Here is the original Dutch-language version of the same text (more or less). All original text and translation by Jesse Darlin', 2008.
You asked for it:
(deep breath). Here goes.
“In societies dominated by modern conditions of production, life is presented as an immense accumulation of spectacles. Everything that was directly lived has receded into a representation.”
Thesis 1,
The Society of The Spectacle, Guy Debord 1967.
I Was A Teenage Porn Star, just eighteen and spreadeagled naked and splayed like a flayed bunny-rabbit on a round bed on the top floor of a crooked house in the red light district. On every side the wall-eyed wide-angle of a six-cam gaze, staring out two screens in which I myself appeared, fucked in every last pink hole. And by a man I hardly knew, too, although he was
my man, or at least, he’d said so; and I, so help me God, was his woman. Not that I was a woman, yet. But I was learning. I was learning fast.
There was a certain technique to it. Coffee creamer for the oral cum-shot, spray-on hair conditioner for the facial and the titty, and all kinds of ways to fake anal, because only the fags were expected to do real anal, and I was just eighteen, and it hurt. We had fake names that we’d bawl out occasionally whenever the moans and sighs started to feel samey and strange in our mouths. “Oh yeah, do it to me, do it to me!” I'd sing out sweetly, wide-eyed on the sticky screen. Big blue eyes. The punters loved it.
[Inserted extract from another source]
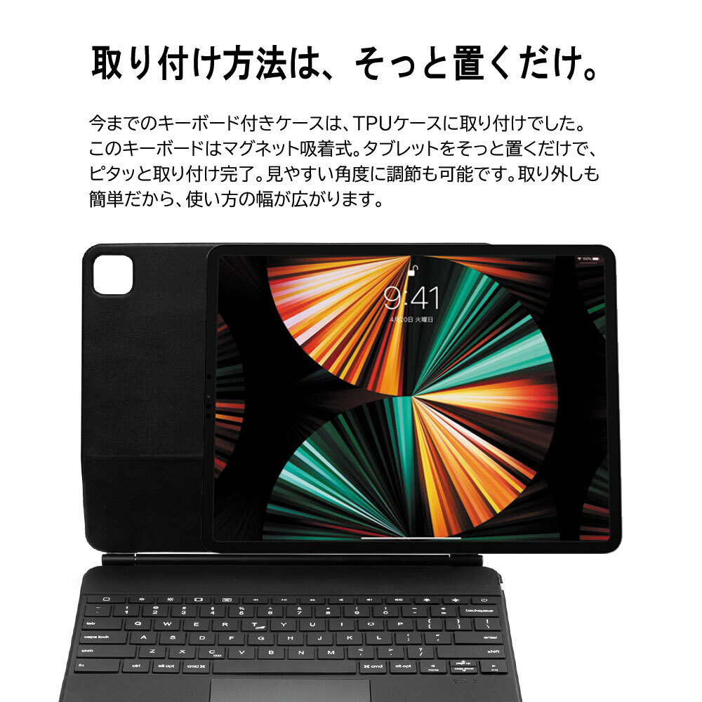 | 商品説明 | カラー:シーブルー ※商品仕様の説明上、別のカラーの画像も掲載しております。 ※画像のタブレットはイメージになります。 マジックキーボード仕様でiPadを近づけるとマグネットでぴたりとくっつきます。フローティングカンチレバー スタイルを採用し、横から見ると浮いているようにiPadを設置することができます。キーボードはトラックパッド搭載していますのでマウスを使う必要がありません。長時間の文字入力でも疲れないタイピングキー。初期設定が終われば電源を入れるだけで自動接続。簡単な初期設定でノートPCに変身します。Bluetoothで接続で煩わしいケーブルは必要なし。シンプルでスマート。約130°までのケース開閉機能と自動スリープ/ウェイク機能を備えます。リチウムイオンポリマー電池内蔵。充電式。※充電ケーブル付属(USB TYPE-C入力) |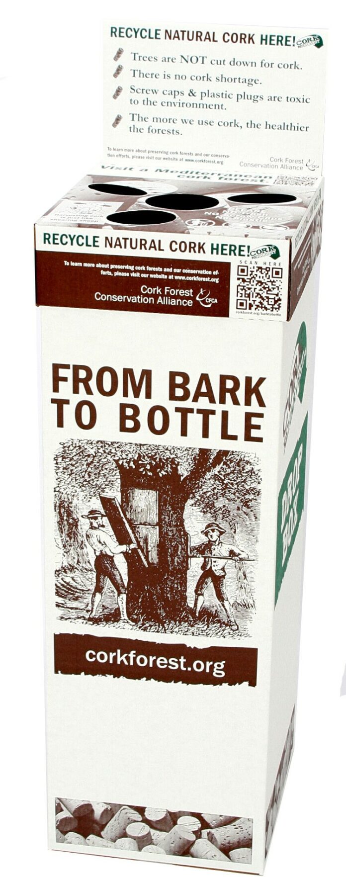 1 percent, says Spencer, as they don’t want to appear to be lobbying for the industry. “Our primary purpose is not recycling the cork, but preserving the cork forest.” Spencer explains that cork plantations rank highly in biodiversity—Cork Forest even runs eco tours to Spanish cork-producing regions. Each cork absorbs nine grams of carbon “bark to bottle,” according to Spencer, who says the manufacture of alternative enclosures made from aluminum or plastic leads to more environmental cost than is acknowledged by those who tout them.

I was - and am - a professional performer, after all, and there’s nothing a performer won’t do to lay down a show. Anyway, it worked: they loved my face, loved the look in my eyes - no doubt seeing unbearable arousal, or perhaps the heady first-night nerves of an adolescent. But there was nothing in my eyes at all boredom, bathos, bewilderment, and the great oh-God-let-it-be-over of gagging on coffee creamer and waiting for the moment of truth at which I could raise my eyes to heaven and let it seep sticky on to my chin. I was good at my job. Not at first, but I learned fast. I was just a kid, and relatively speaking I knew nothing about sex although like most kids of the same age I thought I’d seen it all; and this was a shame if not a tragedy, although there was nothing tragic about any of it, really, because tragedy is too damn good a word.
I hadn’t, of course, seen all of it - or even most of it, thank God - but it’s a shame that I saw so much of that room, those sticky screens, my own holes and my body doing things no kid should experience for the first time in public. I watched those screens obsessively. I watched myself being watched. I watched to see if I was doing it right, doing it
hard, doing it like I
loved it.
Why did I do it? I needed money, and fast, and got in with the wrong people, but like many other kids who end up in the sex industry, I was a runaway and an would-be adventurer, with no sense of decorum or manners or self-preservation. Teenagers should be left to their own silly devices, with their big talk and pretty faces and their beautiful young bodies, but the sex industry is a parasite, a dragnet, trawling the bottom-feeding circuits for the lost boys and girls missed by God and St Christopher and orphaned by circumstance or by design. The sex industry is the man your mother warned you about; the one who promises chocolate sprinkles if you’ll go with him to his house. I was broke and curious. I wore a cheap g-string and an old black balconette bra of my mother’s: I was young and chubby and nervous. “At least it’s not waitressing,” I said to myself, reflected in the mirrored walls of the changing room where we waited out the time between shifts, “and anyway, even if it’s horrible I’ll learn all about sex and I’ll get really good at it and then people will say I’m really good in bed, like in Cosmo.”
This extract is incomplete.